Распространенная ошибка — обычно авангард объявляют началом, в то время как это чаще всего именно конец.

АЛ: — А как же прямые их наследники — Хармс, Введенский, Олейников?..

АБ: — Это огромная культурная грибница, которая не могла не образоваться. К ним примкнули Заболоцкий, Бахтин, Шостакович, Малевич… Все то, что составляет концентрацию традиционной культуры в невозможности создавать ее прежними методами и в новосложившихся условиях. «Митьки» тоже очень похожее формообразование.

Их величие в том, что, наведя уют в камере, они решили признать свою жизнь за жизнь. Именно такую — в подвале, в котельной, с этим теплом, этим портвешком, с этими песнями… Считать все это наив-артом, примитивом — наивно. Это рафинированные интеллектуалы, просто не опустившиеся до снобизма. Если покопаться — там столько дзен-буддизма, столько знаний о мире, глубочайшей культурной эрудиции, знания мировой живописи, тяготения к русской и советской классике… «Митьки» почувствовали, что антиспособ существования в культуре — тоже способ, взяли и не отравились этой атмосферой, и объявили свою свободу, которая гораздо важнее той, что снаружи.

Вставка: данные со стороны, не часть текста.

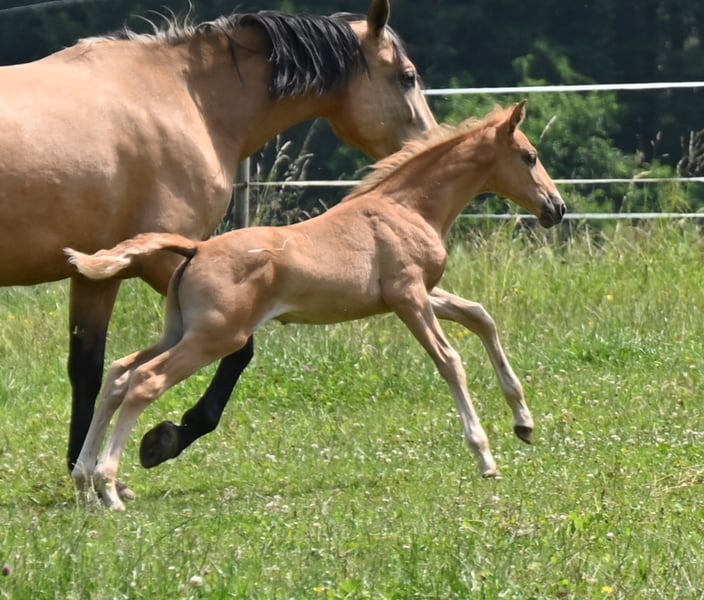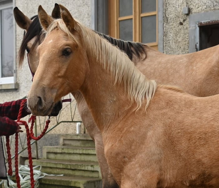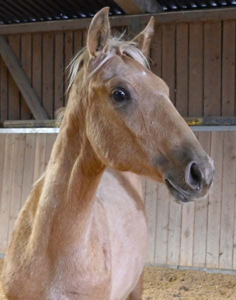 Lozano Kubny est un magnifique poulain PRE, correct et prometteur. Il a toutes les portes ouvertes, que ce soit pour le dressage, la Working Equitation, comme étalon ou pour une activité de loisir plus noble. Il atteindra environ 1,67 à 1,70 m au garrot, avec un mouvement correct, bien développé et ample. Lozano recevra un certificat complet de l'ANCCE. Nous attendons encore le résultat du test ADN pour la détermination de la couleur. Il a les yeux verts, qui resteront ainsi. Tous mes poulains apprennent un excellent apprentissage de base et sont habitués aux enfants, aux chiens, aux autres animaux de la ferme ainsi qu’aux tracteurs. Il restera avec sa mère Silueta MAZ jusqu’à la fin octobre. Ensuite, Lozano pourra partir ou rester chez nous pour une croissance supplémentaire. Bien entendu, il sera vermifugé à plusieurs reprises d’ici là. Son père est l’étalon Cremello Silenzio MAZ.

«Митьковский» кодекс, душевная ласка и теплота энергии очень мне импонировали. Но главное, что они сделали для всех нас, — объявили на всю Россию об обретении менталитета. И за это вполне заслуживают памятника. Хотя у нас почему-то всегда почки лопаются на морозе и никогда не бывает цветов.

«Митьки» никого не хотят победить! Они ликвидировали борьбу. И это нечто великое.

Они, конечно, не так просты — сегодня это уже никому не нужно объяснять. Сейчас их поле деятельности расширилось, они стали возделывать самые разные пласты культуры. Но неизменным осталось главное — отношение к бытию.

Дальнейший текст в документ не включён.